As he does, his little people were in the stands, and they were standing up holding miniature signs and banners listing all the records on them.

It has become a big seller, both as a T-shirt and print.

Earlier in the year he had produced a really neat “Air Raid” T-shirt which had a map of the United States with each of the Big 12 opponent’s cities marked and football coming down upon them.

“The football looks almost like a bomb, and I had my little character, Harri, riding it like Slim Pickens did in the posters for the movie ‘Dr. Strangelove: Or How I Learned to Stop Worrying and Love the Bomb,’” he said.
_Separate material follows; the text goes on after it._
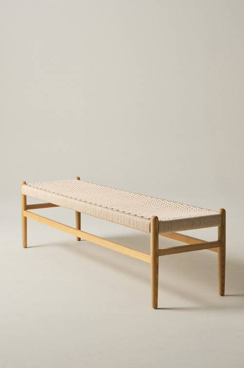 Bänk i massiv björk med sits av papperssnören som flätats. Kontrasten mellan papperssnöre och trä blir effektfull och sitsen ger bra sittkomfort. Material: Trä och papper. Storlek: Höjd 45 cm, längd 160 cm, djup 45 cm. Sköteslråd: Torkas av med lätt fuktad trasa. Formgivare: Jotex Design Studio.
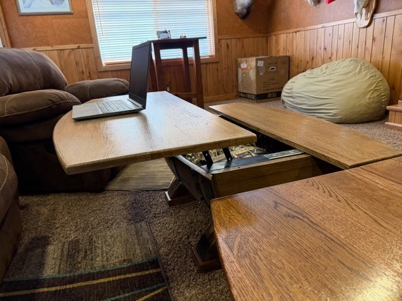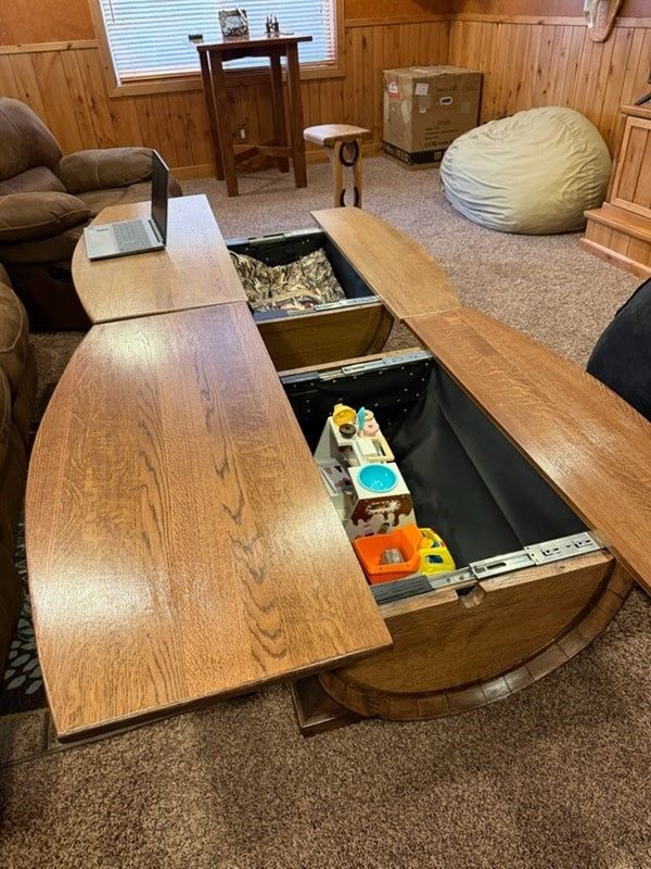 Venmo2 handcrafted and beautifully built whiskey barrel coffee tables. The table top opens to allow easy access to the inside of the barrel. With the tabletop open, it reaches easily up to your couch or chair and allows you to place and use your devices easily. Great for storage and would look good in any living room. The dimensions are 46 inches long by 32 inches wide by 18 inches tall. Asking $700 or $1200 for both. Open to legitimate offers.

“It went great early in the season but slowed down quite a big during the losing streak.”

And finally changing times moved Moores to do an illustration that went back to one of the very first one he ever did as WVU purchased the property known as Sunnyside and planned to redevelop it, forcing angry students to find new housing.

“I had a couple of Sunnyside shirts, one licensed by the schools, that I did previously,” he said. “There was one I did in the late ’70s that was real popular … still is. So, when the students came into an uproar I felt I had to do a real tribute shirt. It’s called ‘Don’t Let the Sun Go Down.’”

The print and T-shirt show the sunset and some students up on the roof overlooking Sunnyside.

“It’s a real tribute to the old establishments. A lot of alumni like and a lot of the young kids, too,” Moores said.